- _TASK DATA_:

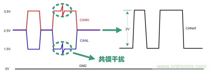 總線固有的差分傳輸形式使得CAN對(duì)于共模干擾有很好的抑制能力,如圖 4所示,通過CANH、CANL相減可很好地消除來自外部的共模干擾,但CANH、CANL并非理想對(duì)稱,快速上升的跳變沿,這些均會(huì)帶來EMC問題。我們通過示波器看總線波形很完美,測(cè)試靜電,EFT,浪涌,傳導(dǎo)騷擾抗擾均無異常。但測(cè)試傳導(dǎo)發(fā)射,則不能滿足限值要求,看起來很正常的總線實(shí)際卻向外在發(fā)送傳導(dǎo)干擾。
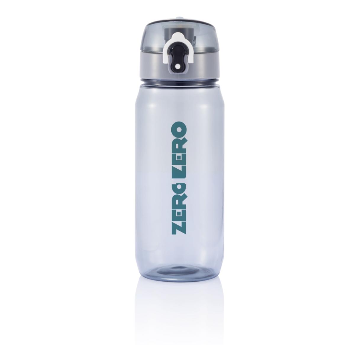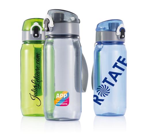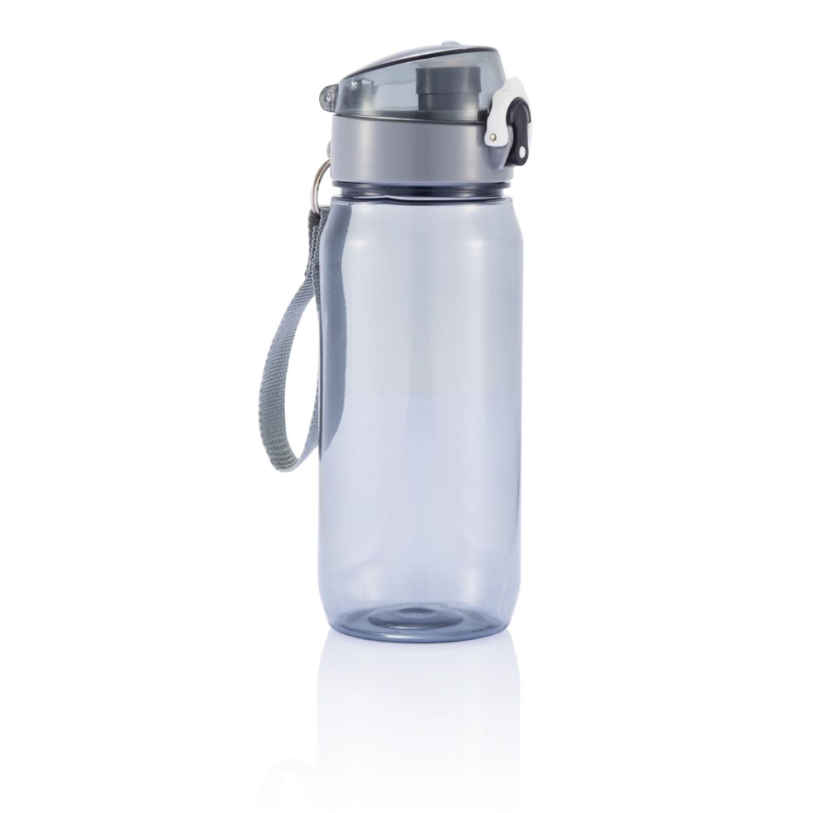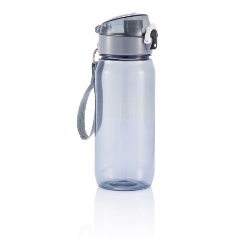 600ml Tritan bottle with lockable cap and press-to-open function. The bottle has a strap to make carrying easy.
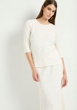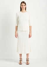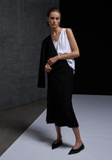 The Cloque Slim Skirt from Mela Purdie features an elasticated waistband and a form fit through the hips with a slight flare at the hem. Designed for a tailored fit, this form fitting skirt is crafted from Mela’s newly introduced textured Cloque fabrication. Its stretchy material and flattering silhouette offer both comfort and style. Pair with the Cloque T or Bolero to complete the look.
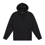 Pullover hood, drop shoulder, kangaroo pocket, self-fabric lined hood, no drawcord, garment dyed, sleeve cuff ribbing
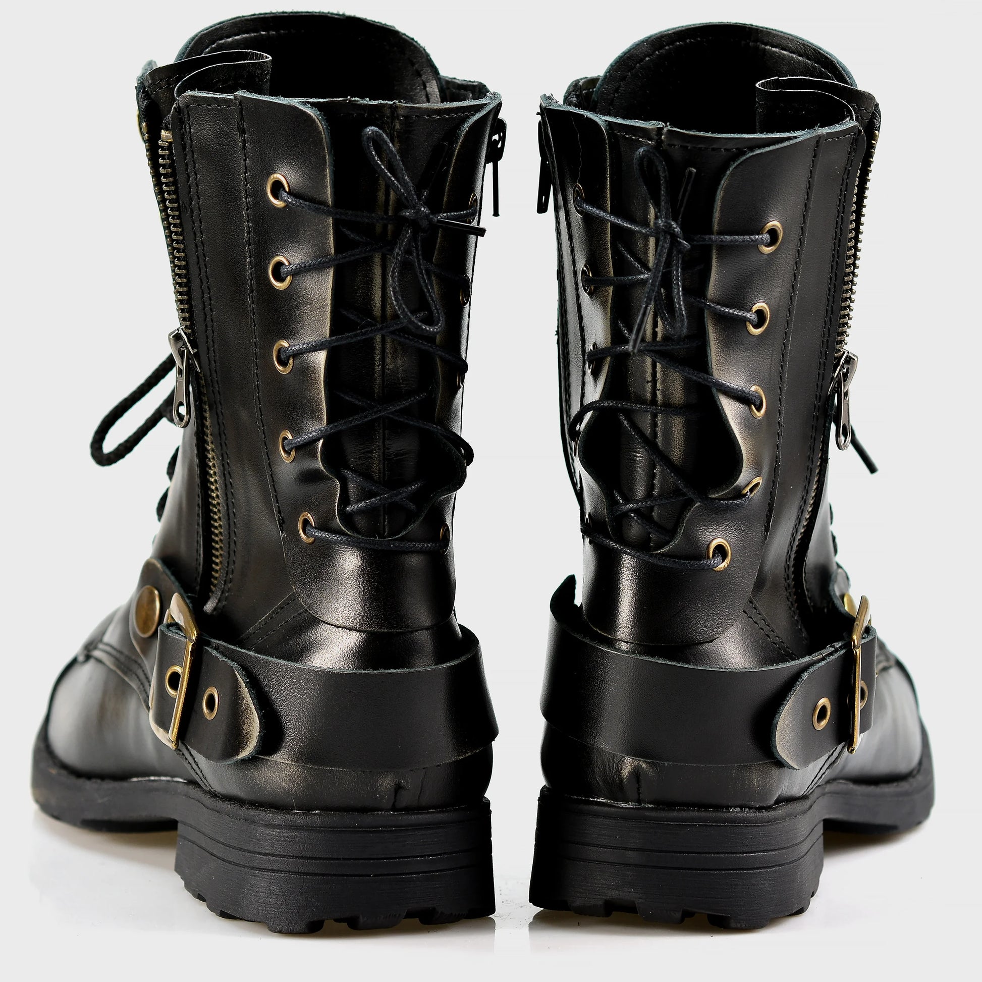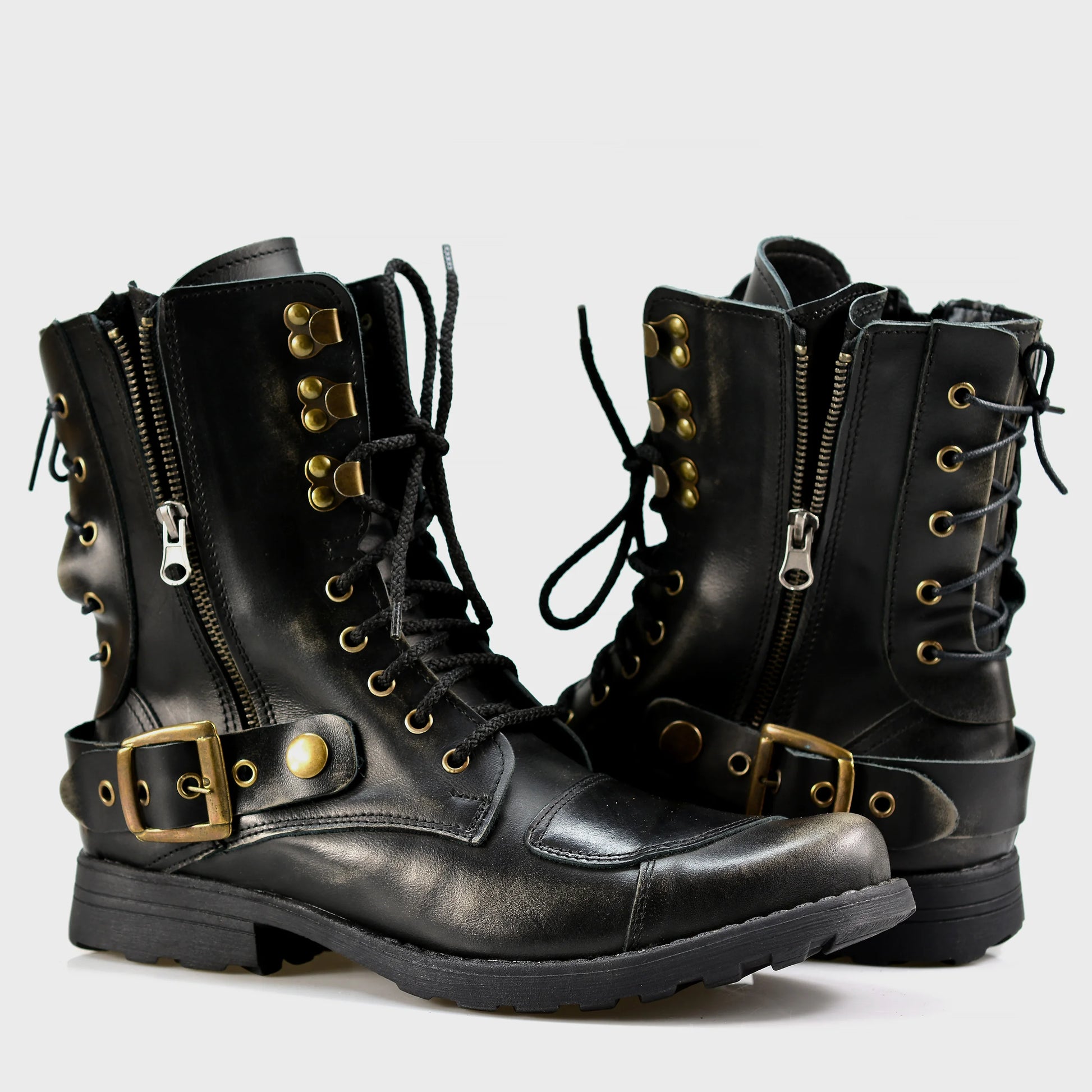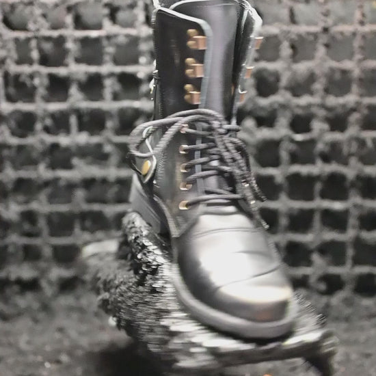Handmade Black BS Leather Men’s Motorcycle Boots – Sonny
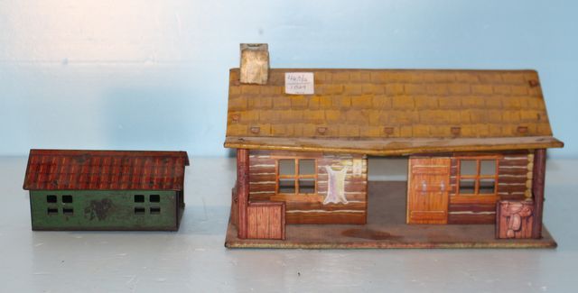 Log cabin, 11" w., 7" d., 6" h. ; 2 1/2" x 5" x 2 1/2" h. Log cabin, 11" w., 7" d., 6" h. ; 2 1/2" x 5" x 2 1/2" h.
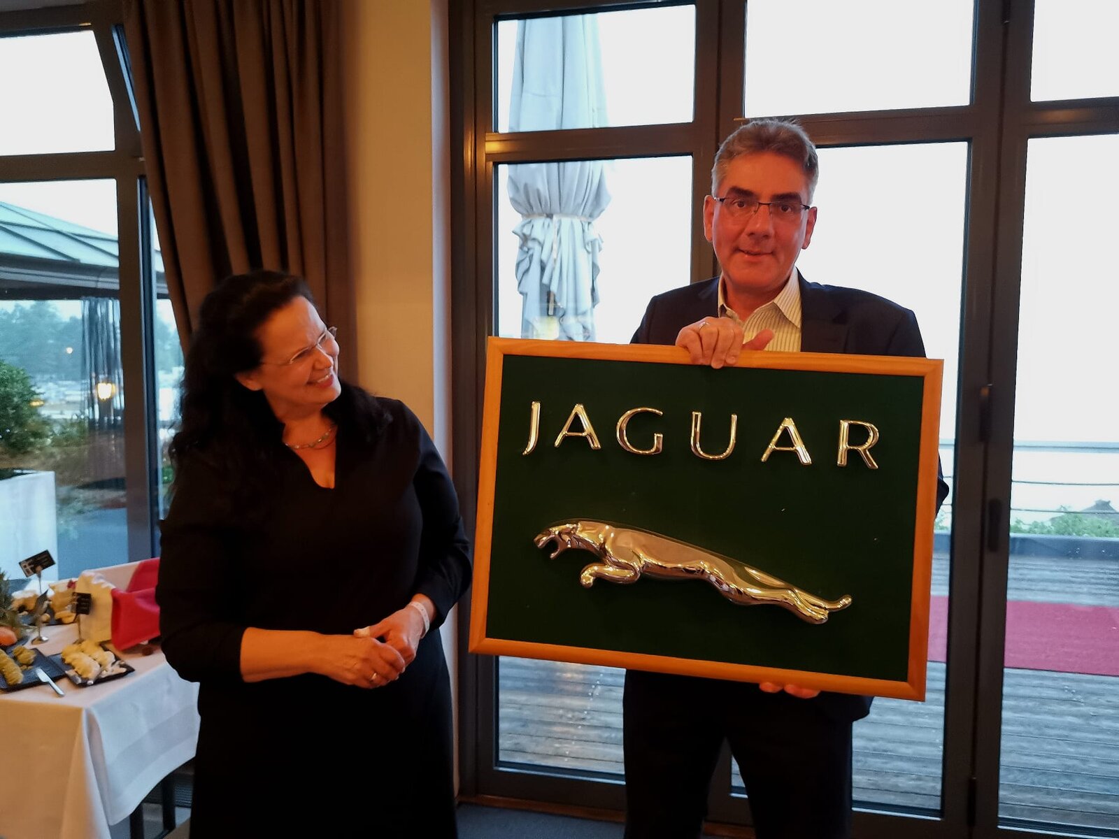 Unter Beachtung des Dresscodes „Business casual“ erreichen wir das im Bootshaus angerichtete Leuchtturm-Buffet. Der nun stetig schnürende Regen und der Blick auf das finstere, kabbelige Wasser des Geierswalder Sees, kann uns die Laune des letzten Abends dennoch nicht nehmen. Inzwischen sind die Ergebnisse der kleinen Wettbewerbe und Fragebogen von Jeannine und Christoph ausgewertet worden und wir sind gespannt auf die Siegerehrungen. Das Ergebnis: dritter Platz für die Familie Podkowa, tatkräftig unterstützt durch Sektionsdackel Leopold. Zweiter Platz für Familie Kosicki, und der erste Platz für das Team Bernd Riedel/Leo Paliot. Der ehemalige langjährige Sektionsleiter Bernd Riedel überreicht Christoph einen großen Bilderrahmen, der lange seine eigene heimische Wand geziert hatte. Auf racing-grünem Grund prangt chromblitzend unter dem klassischen Schriftzug JAGUAR der Leaper. Ein tolles Geschenk!
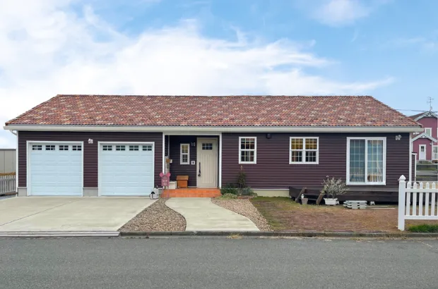 ワインレッドの窓装飾がポイントの外観。 塗り壁は光触媒効果のあるスタッコフレックスを採用し、汚れにくく。 丈夫な瓦屋根は見た目もかわいいです。
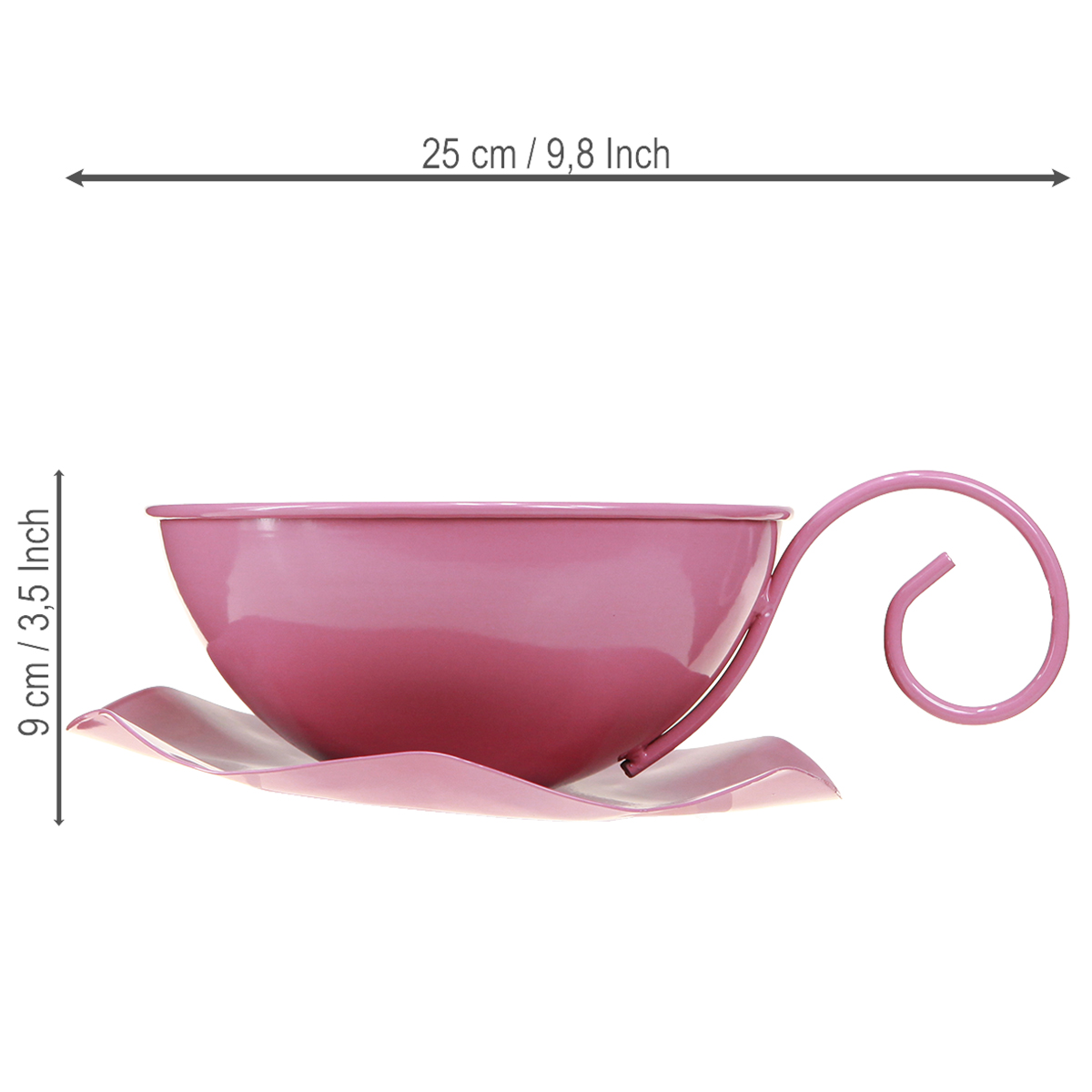 Vaaleanpunainen koristekuppimme on todellinen kohokohta jokaiseen kotiin. Halkaisijaltaan noin 16 cm ja korkeudellaan noin 9 cm, metallikuppi sopii sekä koristeellisiin että toiminnallisiin sovelluksiin. Pastellin vaaleanpunaiseksi maalattu pinta kiinnittää kaikkien huomion ja luo iloisen, kutsuvan tunnelman. Kaareva kahva ja kukkamainen lautanen antavat kupille leikkisän, mutta modernin ilmeen. Lautaseen kiinnitetyn kupin ansiosta tämä metallikoristelu sopii erinomaisesti esittelyyn juhlapöydälle tai ikkunalaudalle.
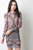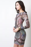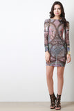 This eye-catching dress features a semi-sheer mesh fabrication with colorful tribal print, round neckline, long sleeves, and finished with a midi-length hemline. Accessories sold separately. Made in U.S.A. 95% Polyester, 5% Spandex.
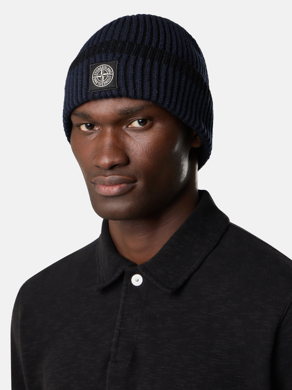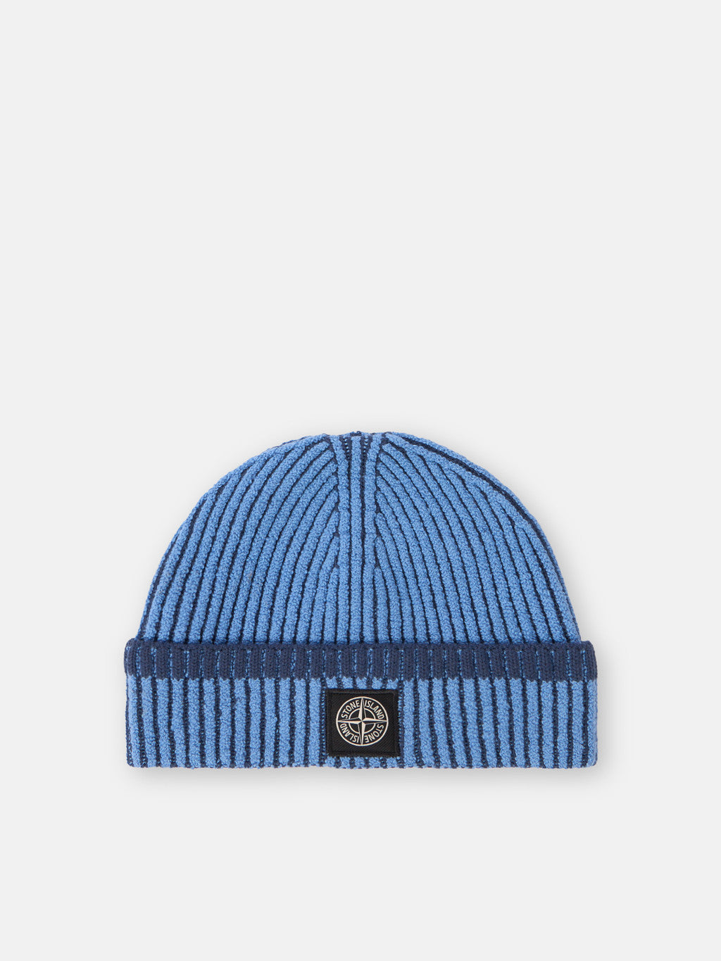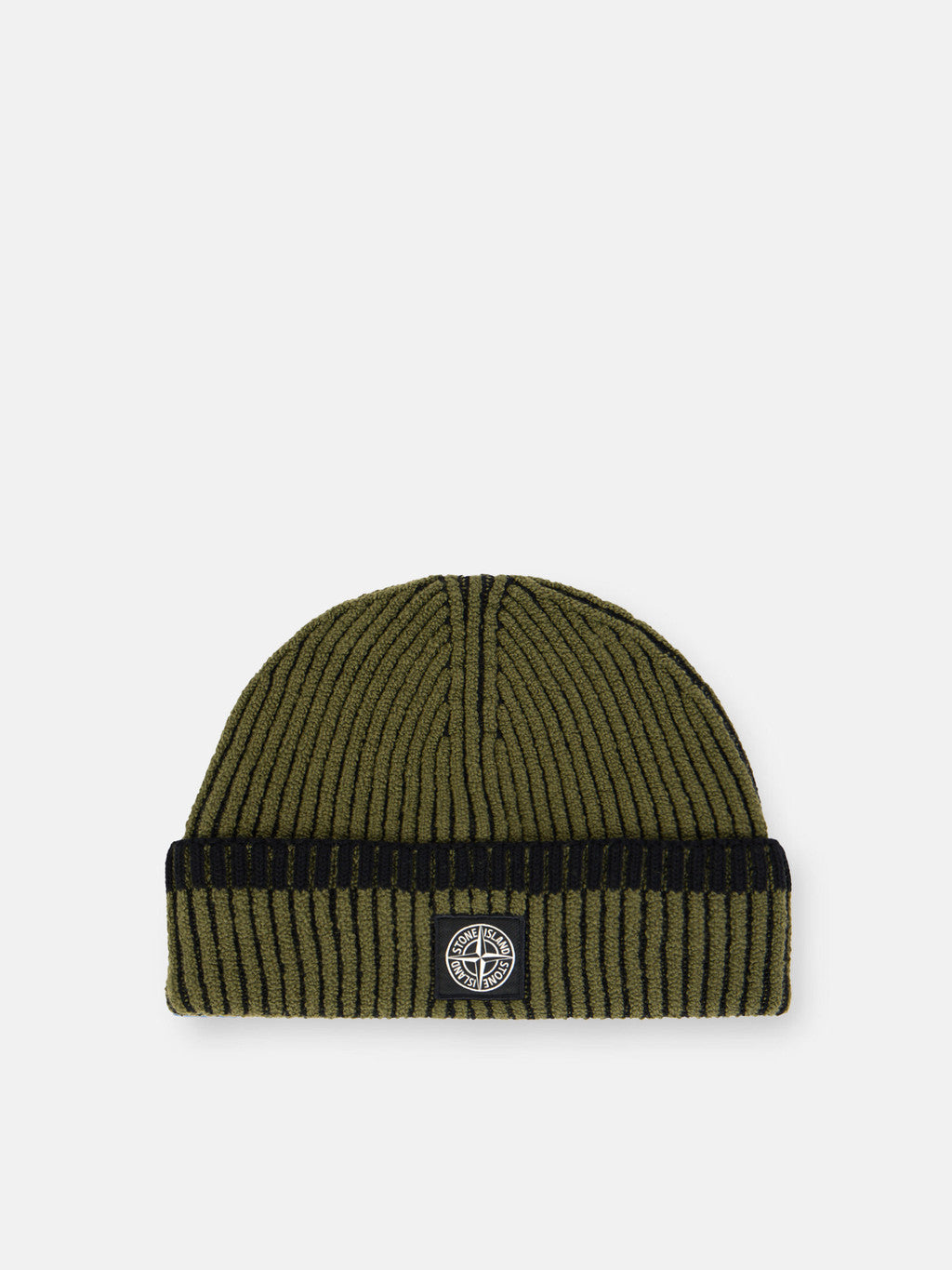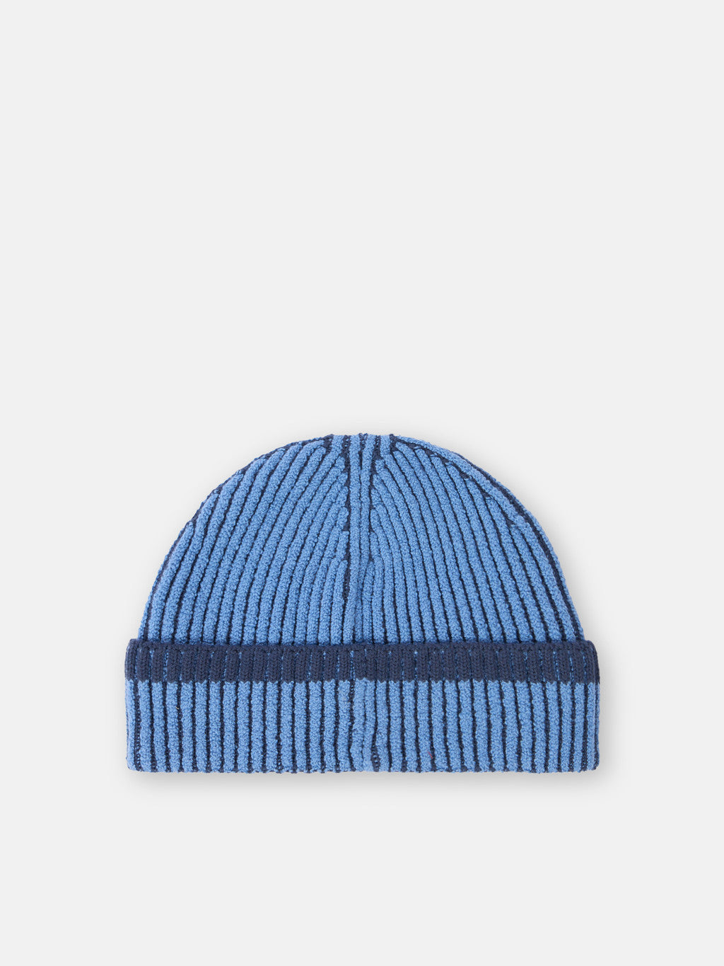 Knit beanie with full ribbing, in RWS certified wool with two different coloured yarns, worked with the vanise technique to obtain a deeper perception of the rib and contrasting colour placements. Gauge 7. The Responsible Wool Standard (RWS) describes and certifies animal welfare and land management practices in wool production and tracks the certified material from farm to final product.

- _EXERCISE BRIEF_: Any pictures above are to be left out. Retype the rest of the records exactly.

- _ANSWER_:
 總線固有的差分傳輸形式使得CAN對(duì)于共模干擾有很好的抑制能力,如圖 4所示,通過CANH、CANL相減可很好地消除來自外部的共模干擾,但CANH、CANL并非理想對(duì)稱,快速上升的跳變沿,這些均會(huì)帶來EMC問題。我們通過示波器看總線波形很完美,測(cè)試靜電,EFT,浪涌,傳導(dǎo)騷擾抗擾均無異常。但測(cè)試傳導(dǎo)發(fā)射,則不能滿足限值要求,看起來很正常的總線實(shí)際卻向外在發(fā)送傳導(dǎo)干擾。
 600ml Tritan bottle with lockable cap and press-to-open function. The bottle has a strap to make carrying easy.
 The Cloque Slim Skirt from Mela Purdie features an elasticated waistband and a form fit through the hips with a slight flare at the hem. Designed for a tailored fit, this form fitting skirt is crafted from Mela’s newly introduced textured Cloque fabrication. Its stretchy material and flattering silhouette offer both comfort and style. Pair with the Cloque T or Bolero to complete the look.
 Pullover hood, drop shoulder, kangaroo pocket, self-fabric lined hood, no drawcord, garment dyed, sleeve cuff ribbing
Handmade Black BS Leather Men’s Motorcycle Boots – Sonny
 Log cabin, 11" w., 7" d., 6" h. ; 2 1/2" x 5" x 2 1/2" h. Log cabin, 11" w., 7" d., 6" h. ; 2 1/2" x 5" x 2 1/2" h.
 Unter Beachtung des Dresscodes „Business casual“ erreichen wir das im Bootshaus angerichtete Leuchtturm-Buffet. Der nun stetig schnürende Regen und der Blick auf das finstere, kabbelige Wasser des Geierswalder Sees, kann uns die Laune des letzten Abends dennoch nicht nehmen. Inzwischen sind die Ergebnisse der kleinen Wettbewerbe und Fragebogen von Jeannine und Christoph ausgewertet worden und wir sind gespannt auf die Siegerehrungen. Das Ergebnis: dritter Platz für die Familie Podkowa, tatkräftig unterstützt durch Sektionsdackel Leopold. Zweiter Platz für Familie Kosicki, und der erste Platz für das Team Bernd Riedel/Leo Paliot. Der ehemalige langjährige Sektionsleiter Bernd Riedel überreicht Christoph einen großen Bilderrahmen, der lange seine eigene heimische Wand geziert hatte. Auf racing-grünem Grund prangt chromblitzend unter dem klassischen Schriftzug JAGUAR der Leaper. Ein tolles Geschenk!
 ワインレッドの窓装飾がポイントの外観。 塗り壁は光触媒効果のあるスタッコフレックスを採用し、汚れにくく。 丈夫な瓦屋根は見た目もかわいいです。
 Vaaleanpunainen koristekuppimme on todellinen kohokohta jokaiseen kotiin. Halkaisijaltaan noin 16 cm ja korkeudellaan noin 9 cm, metallikuppi sopii sekä koristeellisiin että toiminnallisiin sovelluksiin. Pastellin vaaleanpunaiseksi maalattu pinta kiinnittää kaikkien huomion ja luo iloisen, kutsuvan tunnelman. Kaareva kahva ja kukkamainen lautanen antavat kupille leikkisän, mutta modernin ilmeen. Lautaseen kiinnitetyn kupin ansiosta tämä metallikoristelu sopii erinomaisesti esittelyyn juhlapöydälle tai ikkunalaudalle.
 This eye-catching dress features a semi-sheer mesh fabrication with colorful tribal print, round neckline, long sleeves, and finished with a midi-length hemline. Accessories sold separately. Made in U.S.A. 95% Polyester, 5% Spandex.
 Knit beanie with full ribbing, in RWS certified wool with two different coloured yarns, worked with the vanise technique to obtain a deeper perception of the rib and contrasting colour placements. Gauge 7. The Responsible Wool Standard (RWS) describes and certifies animal welfare and land management practices in wool production and tracks the certified material from farm to final product.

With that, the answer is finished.